Monotremes can only be found in Australia and New Zealand. The platypus is restricted to Australia as it the short-beaked echidna. New Guinea is the home of the three species of long-beaked echidna.
Some fossil evidence exists of these animals in Argentina suggesting the group was once more widespread during their early history.
More on Monotremes
Monotremes have a lower body temperature and metabolic rate than other mammals which helps to make them more energy efficient. They are still considered endothermic and can maintain their own body temperature.
All male monotremes have a spur on the back of their legs. This can be used during fights and in defense. In platypus this spur can be used to inject venom.
Monotreme Fact Files
The platypus was thought to be a fake when a specimen was first sent to Europe in the late 1700s. They feature a duck like bill and beaver like tail.

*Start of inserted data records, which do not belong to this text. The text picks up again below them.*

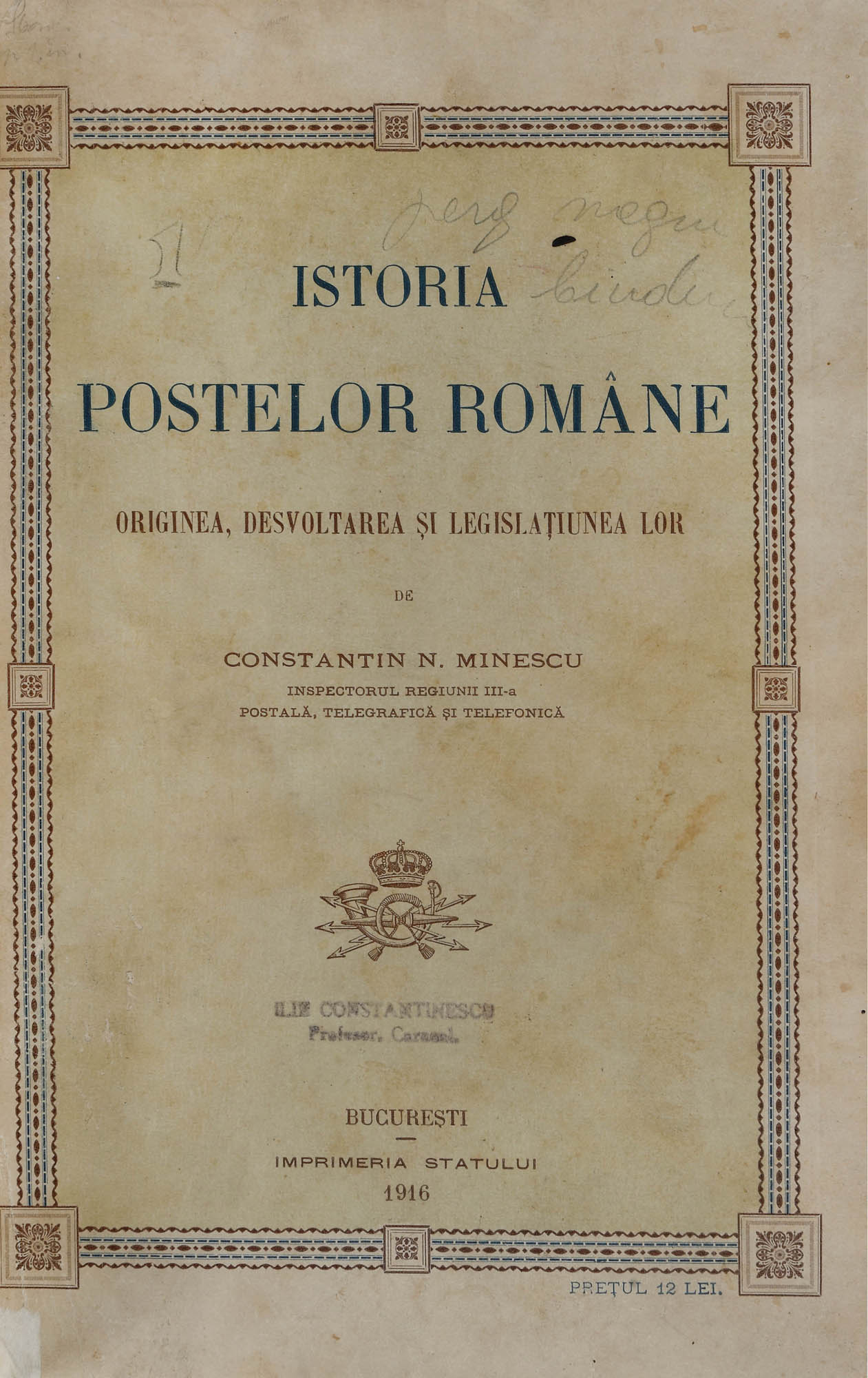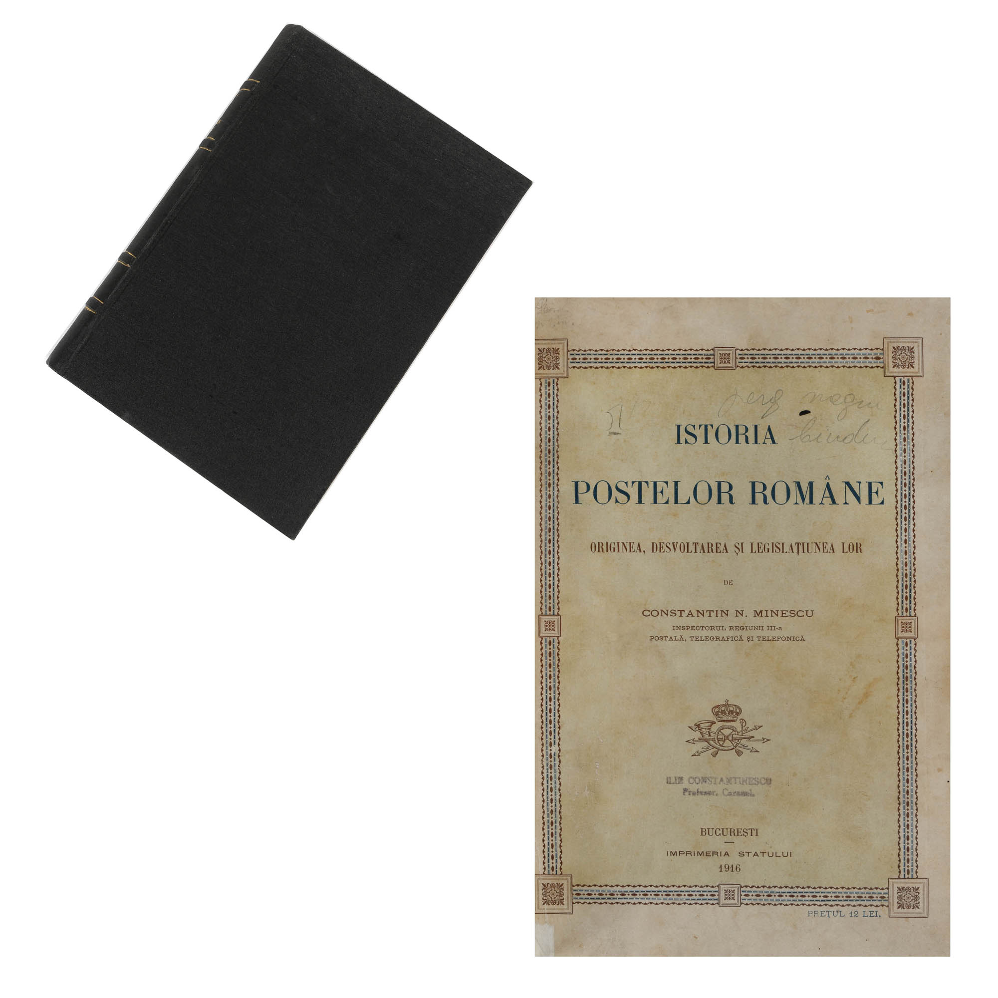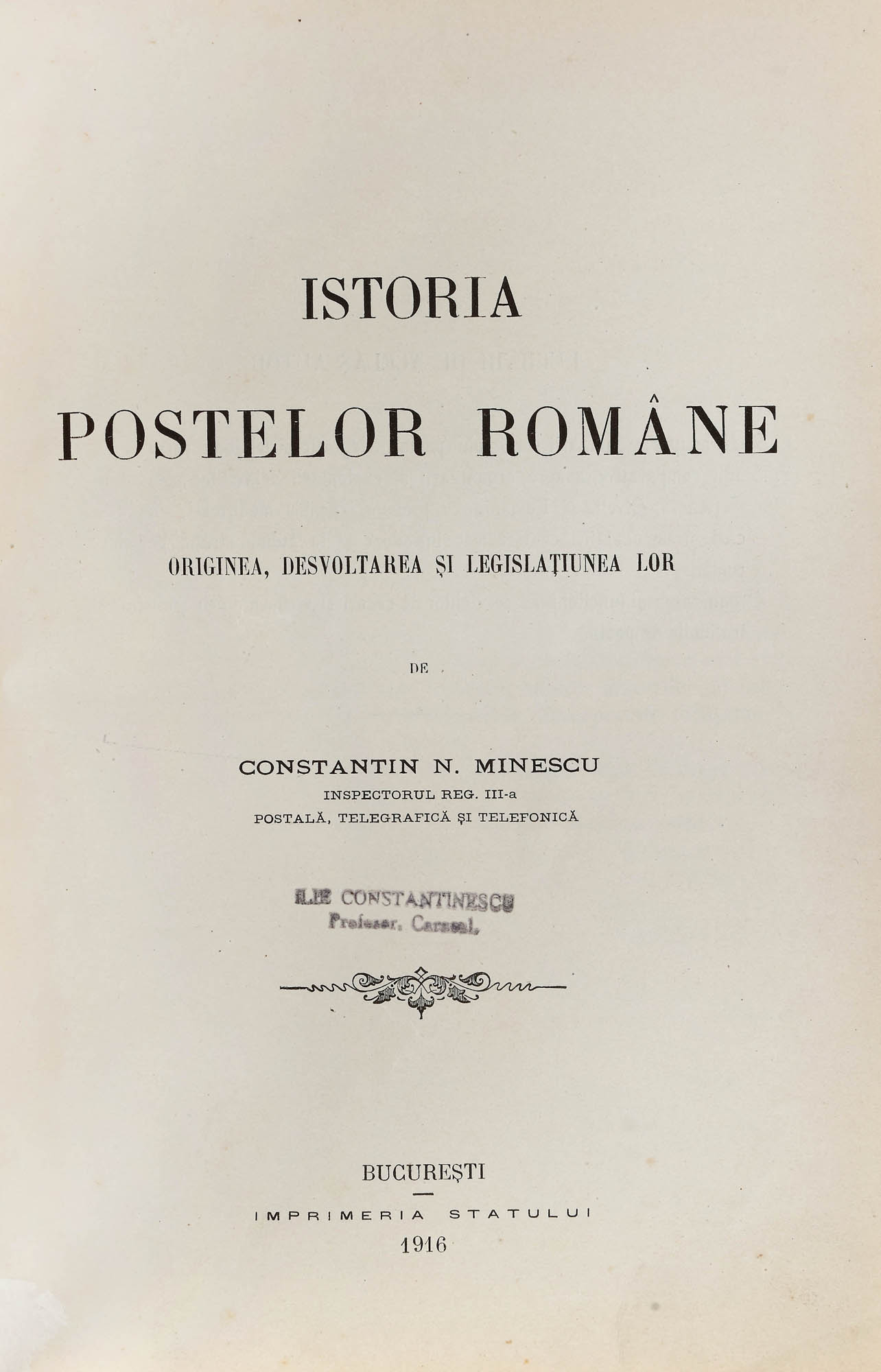 176. ”Istoria poștelor române”, de Constantin N. Minescu, București, 1916, cu ex-libris Ilie Constantinescu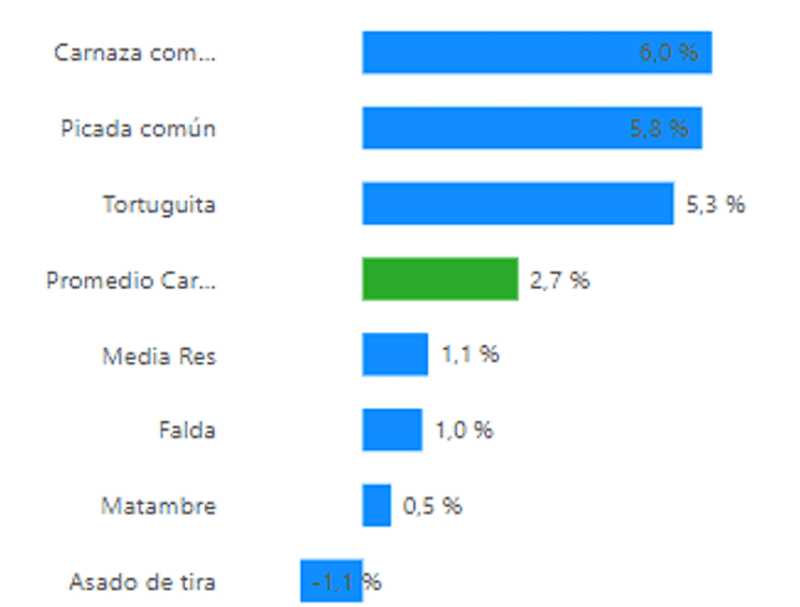 Las mayores subas de precios en junio, en la plaza rosarina, se dieron en la carnaza común (6%), la picada común (5,8%) y la tortuguita (5,3%). En cambio, los de menores variaciones fueron el matambre (0,5%) y la falda (1%), y el asado sufrió un descenso en su precio de 1,1%.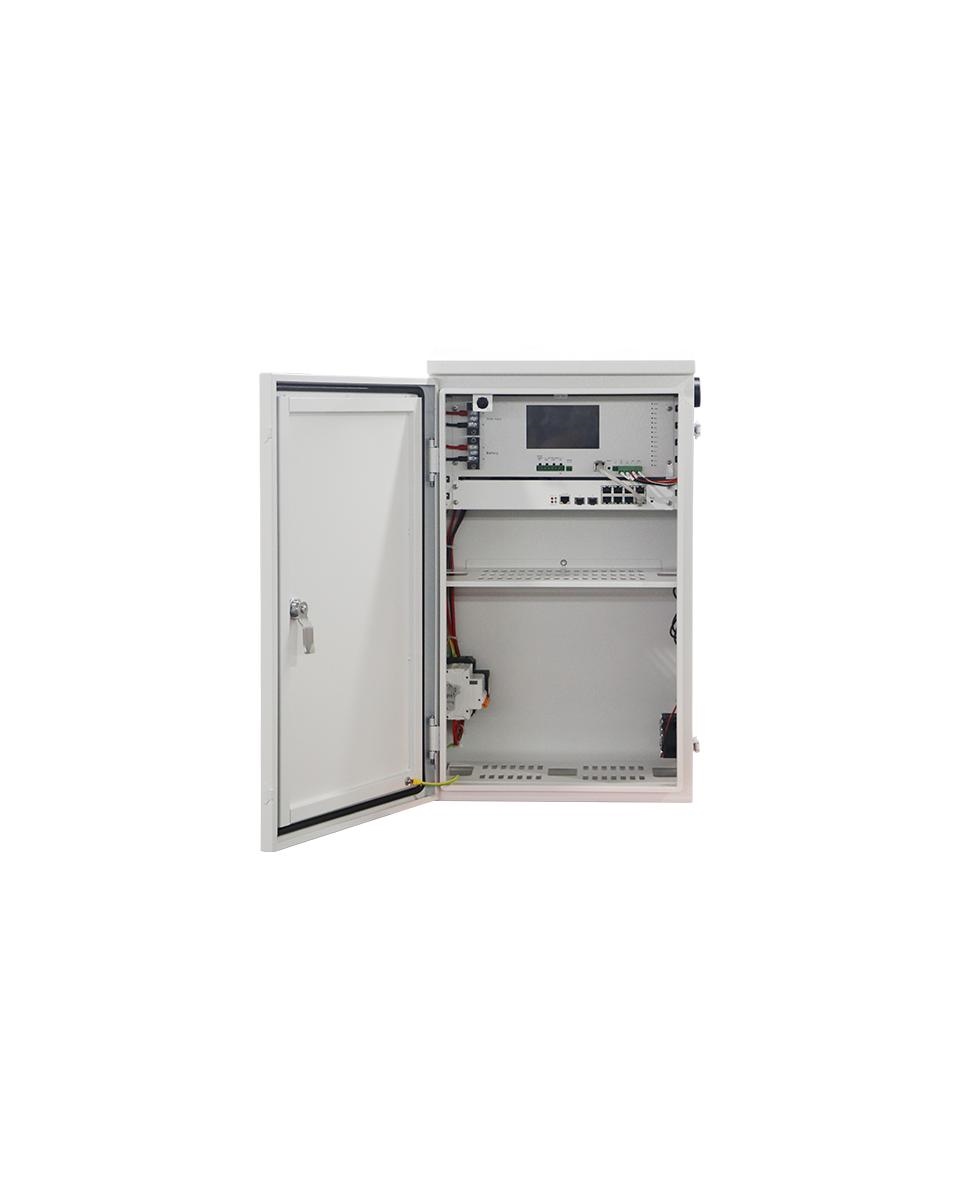 Alimentazione principale: Pannello solare. Batterie: Supporta batterie al Litio LiFePo4 24Vcc. Capacità di ricarica: Variabile in base al pannello solare utilizzato max 20A. Uscite alimentazione:3 uscite alimentazione a 12Vdc 1 uscita 24Vdc Assorbimento massimo 3A 1 Uscita 12V 5A per connessione NVR. Interfacce: RS485, prefigurata per stazione meteo BOS Smart controller: Verifica stato batteria, stato e controllo porte switch, temperatura interna, monitoraggio resa pannello fotovoltaico, invio allarmi eventi (es. batteria offline, voltaggio batteria, stato uscite alimentazione DC, stato switch, temperatura interna), impostazioni rete interna, impostazioni di rete per server di appoggio per software di gestione. Monitor: 5” LCD touch screen per controllo sistema, risoluzione 800x480 . Switch: Switch L2 8 porte PoE Porte 1-2: 10/100/1000 Base-T 90W PoE RJ45 (IEEE 802.3bt, IEEE8025.3af/at) Porte 3-8: 10/100/1000 Base-T 30W PoE RJ45 (IEEE802.3af/at) 2 porte SFP 10/100/1000Mbps. Router: Compatibile con BS-BB4GRUT.Allarme apertura porta: Supportato. Temperatura interna:Sonda temperatura interna Ventole di raffreddamento. Protezione: Interruttore magnetotermico 25A, Interruttore magnetotermico 25A Scaricatore di terra: Presente Corrente nominale 16A. Cassetto ottico: - . Ripiano: 1 x Ripiano per alloggiamento NVR Dimensioni max NVR (AxLxP): 50x320x211mm Dimensioni ripiano: 75(A) x 230(P)mm. Software:Software di monitoraggio remoto incluso, possibilità di visualizzare gli allarmi generati dai dispositivi collegati al software, localizzare geograficamente i dispositivi, aggiornamento software da remoto, importazione ed esportazione dei dati dei dispositivi, gestione temperatura, ventole, umidità, allarmi, batteria, porte switch ed apertura porta, creazione utenti manutentori, log di sistema, notifiche e-mail. Temperatura di lavoro: -20° +70°C. Dimensioni: 660x380x270mm. Ingombro massimo batteria: 270x260x240mm. Installazione:Compatibile con BS-SBA001WMA, BS-SBA001PMA. Materiale: Lamiera zincata verniciata a polveri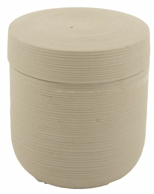 Minimalistisk, kremhvit boks med lokk i moderne design med dekorative riller. Perfekt for oppbevaring av små pyntegjenstander. Lokket kan brukes som fat.
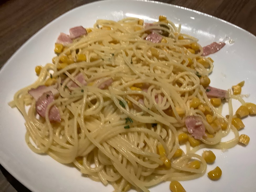 締めのパスタ。これを食べる頃にはサッカーの決着がついていた。日本、残念😗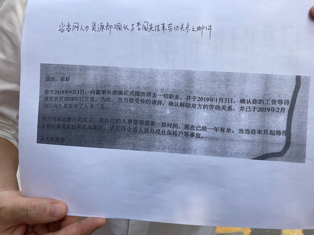 当当方面所示文件显示,2018年9月李国庆向董事长俞渝提出辞职,1月7日确认李国庆的请辞。2019年2月,当当发布李国庆辞职的人事公告,继而在10月李国庆的新公司筹备期之后,为李国庆停缴社保。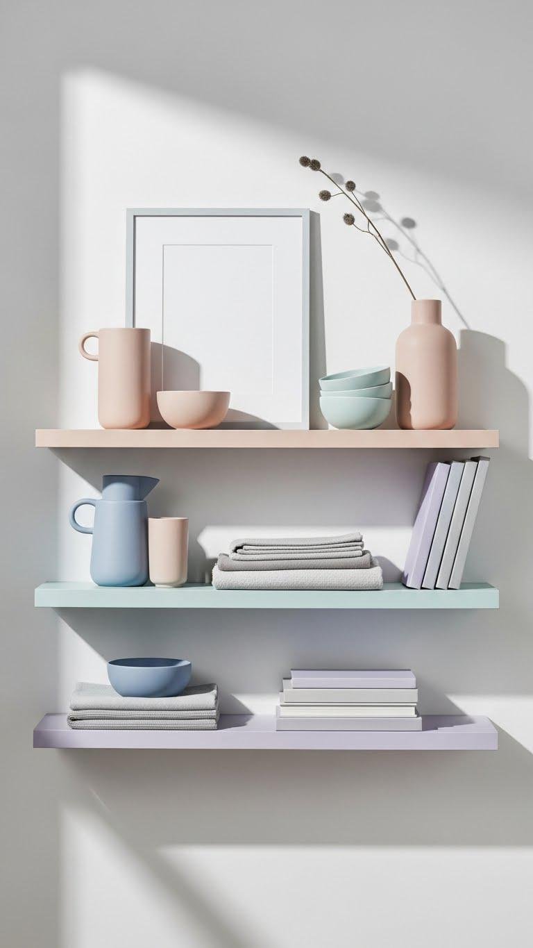 After you’ve pared shelves down to tactile, purposeful pieces, let color become the quiet anchor: pick one pastel family and layer it across ceramics, textiles, and paperbacks to create a cohesive, calming rhythm.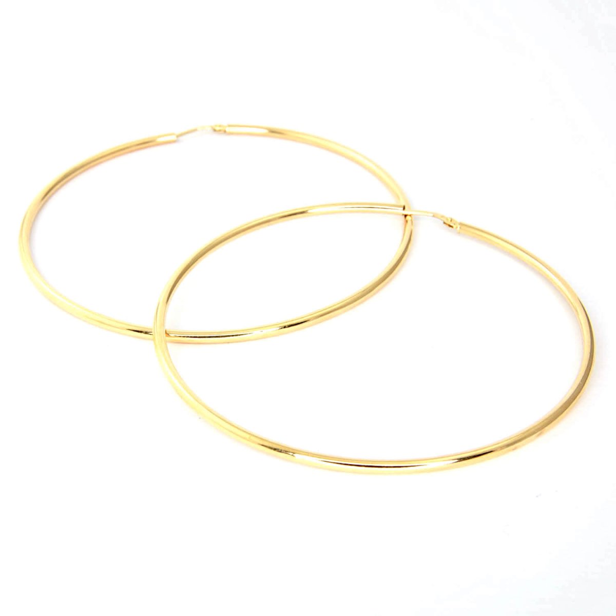 Orecchini a cerchio in oro giallo 750% 18kt, diametro 5,3 cm circa, canna tonda liscia, peso 4,66 grammi circa, lavorazione artigianale Cipolla dal 1950 gioielli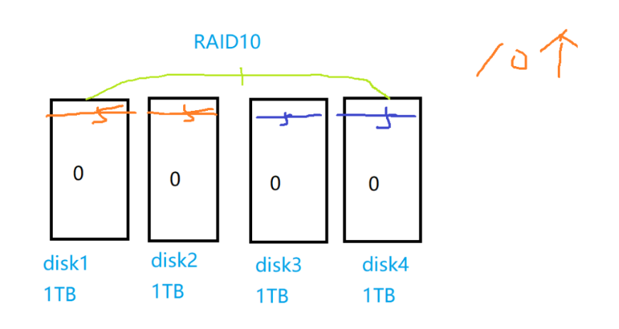 数据有十个,有磁盘一,磁盘二,磁盘三。磁盘四,存在磁盘一5个数据,磁盘二5个数据,磁盘3和磁盘4分别放着磁盘一和磁盘二的备份。可以坏两个硬盘。可以同时损坏两块硬盘,但是不能两个存储的数据是一样的硬盘同时坏。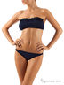 Богемный раздельный купальник. Бюст — бандо с чашками из тонкого поролона с отстегивающимися бретелями оригинальной формы с густой драпировкой из эластичной микросетки в тон купальника, которая визуально увеличивает объем груди. Фиксируется широкими завязками на спине. Классические плавки низкой посадки с узким боком. Купальник выполнен из итальянской ткани Eurojersey.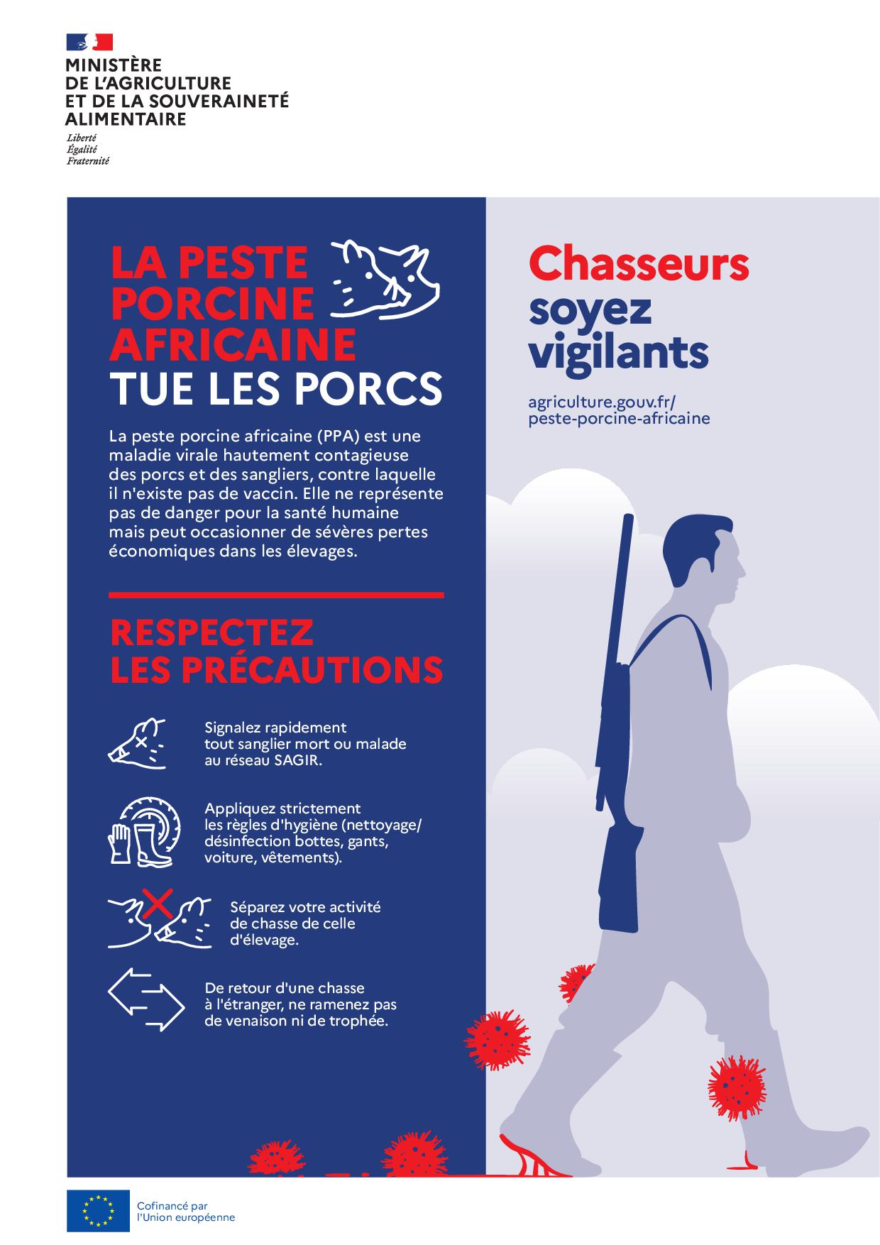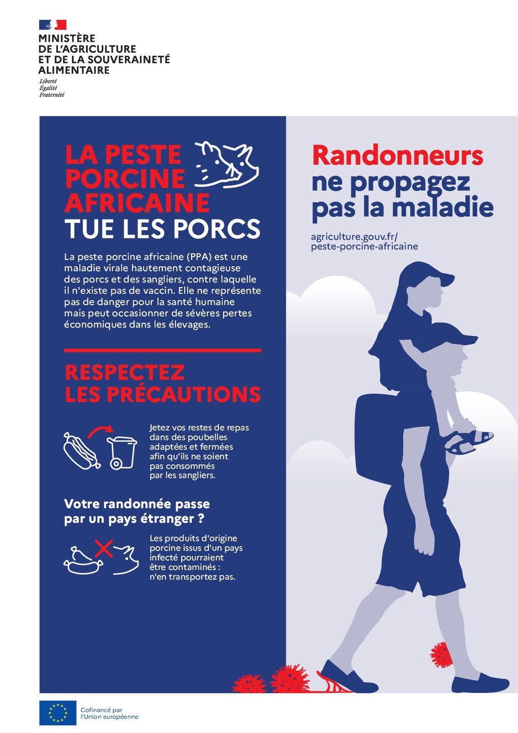 Pour les porcins, il n’existe à ce jour ni vaccin ni traitement. La maladie peut se propager aux porcs par contact direct entre un sanglier infecté et un porc, ou de manière indirecte par la consommation de restes alimentaires à base de viande contaminée ou un contact avec du matériel souillé.
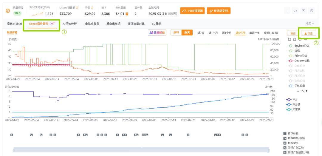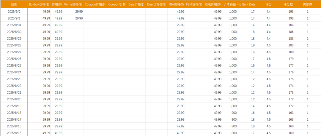登入sif、卖家精灵或者类似插件,从Keepa插件替代页面进入,导出内容,就可以得到一个包含日期、价格、销量、BSR排名、评分、评分数、卖家数的表格,这个就是我们分析的基础表
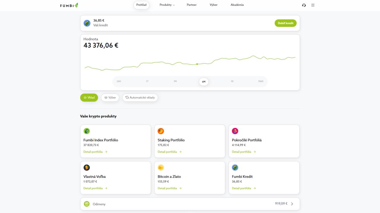 Slovenské Fumbi aktuálne ponúka viacero produktov. Základom je manažované Fumbi Index Portfólio, ktoré majoritne investuje do bitcoinu a etherea, obsahuje však aj ďalšie kryptomeny s nižšou trhovou kapitalizáciou. Investovať je možné už od 50 eur.
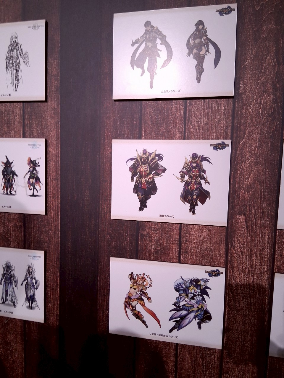 旁邊大螢幕不知道是不是因為展一段時間了,有點觸控不良,每次大概只能點2套出來吧。不過那邊工作人員也不會趕人,有空位就可以一直看,一些舊到在物語也不一定看得到的魔物裝備是滿有趣的,只是每1分鐘就被彈出來真的是有點心累……

Males have a spur on their back legs which can be used to inject venom.
They spend much of their time foraging for worms, shrimp, insect larvae and more underwater. While foraging they spend 1-2 minutes underwater before surfacing for air but at rest they can remain submerged for up to 11 minutes.
Echidnas are best known for their spines which provide protection. They are also covered with fur and in colder areas such as Tasmania this fur may be almost as long as the spines giving them a furry appearance.
Their long snout helps them to gather up ants and termites. Juvenile echidnas will suckle milk every 5-10 days.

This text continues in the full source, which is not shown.